Exercise: Somewhere below are a line with "Свободная футболка с" and a later line with "En este portal". Output exactly those lines and all lines between them.

Working data:

>>>

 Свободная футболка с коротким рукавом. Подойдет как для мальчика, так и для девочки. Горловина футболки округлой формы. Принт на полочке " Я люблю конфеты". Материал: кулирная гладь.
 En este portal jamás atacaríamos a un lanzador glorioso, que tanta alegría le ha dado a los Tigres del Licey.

<<<
>>>

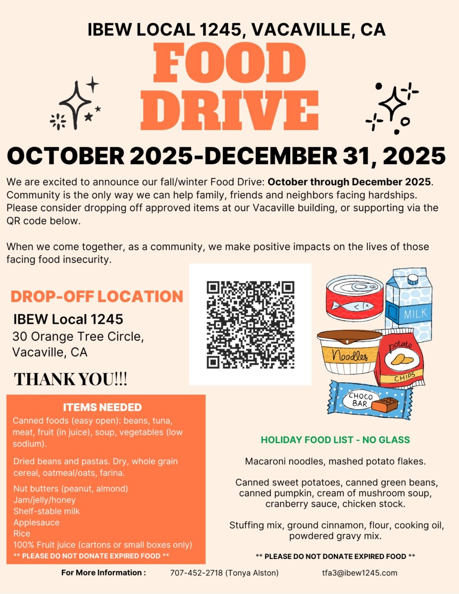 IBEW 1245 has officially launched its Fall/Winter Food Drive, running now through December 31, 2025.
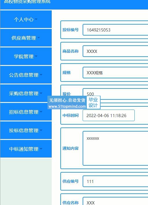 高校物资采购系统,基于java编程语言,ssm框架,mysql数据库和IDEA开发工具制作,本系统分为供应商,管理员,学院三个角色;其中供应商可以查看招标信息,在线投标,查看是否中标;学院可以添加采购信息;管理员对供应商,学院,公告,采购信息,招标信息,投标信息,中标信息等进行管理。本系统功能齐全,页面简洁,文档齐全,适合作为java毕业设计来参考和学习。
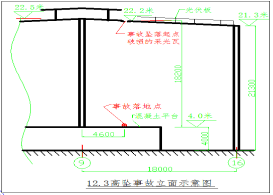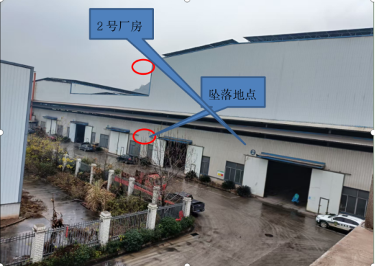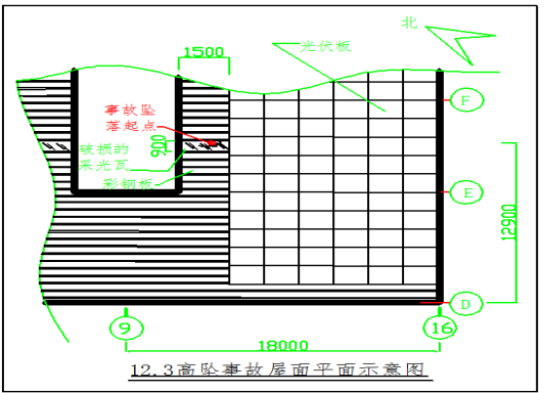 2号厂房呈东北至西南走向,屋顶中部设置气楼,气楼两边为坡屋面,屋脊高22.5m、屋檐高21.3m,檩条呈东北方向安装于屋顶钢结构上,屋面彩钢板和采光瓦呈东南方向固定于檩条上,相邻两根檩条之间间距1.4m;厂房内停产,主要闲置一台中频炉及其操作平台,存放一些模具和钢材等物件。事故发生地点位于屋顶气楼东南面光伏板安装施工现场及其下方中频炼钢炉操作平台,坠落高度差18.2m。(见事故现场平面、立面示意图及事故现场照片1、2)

<<<
>>>

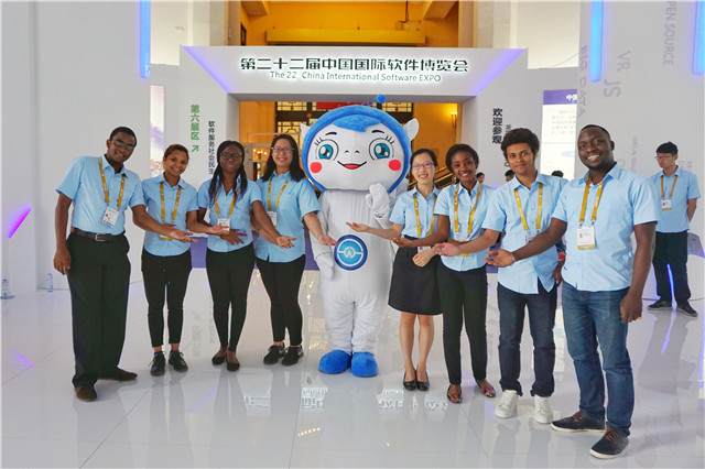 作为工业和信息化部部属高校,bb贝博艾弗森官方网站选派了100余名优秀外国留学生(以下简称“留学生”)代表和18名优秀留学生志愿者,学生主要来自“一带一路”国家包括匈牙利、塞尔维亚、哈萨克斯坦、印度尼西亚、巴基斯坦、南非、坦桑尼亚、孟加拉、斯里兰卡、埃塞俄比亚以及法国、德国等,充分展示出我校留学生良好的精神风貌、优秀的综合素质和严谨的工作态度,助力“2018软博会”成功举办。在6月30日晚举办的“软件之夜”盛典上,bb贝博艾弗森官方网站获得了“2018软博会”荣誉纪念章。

<<<

Written solution:
 Свободная футболка с коротким рукавом. Подойдет как для мальчика, так и для девочки. Горловина футболки округлой формы. Принт на полочке " Я люблю конфеты". Материал: кулирная гладь.
 En este portal jamás atacaríamos a un lanzador glorioso, que tanta alegría le ha dado a los Tigres del Licey.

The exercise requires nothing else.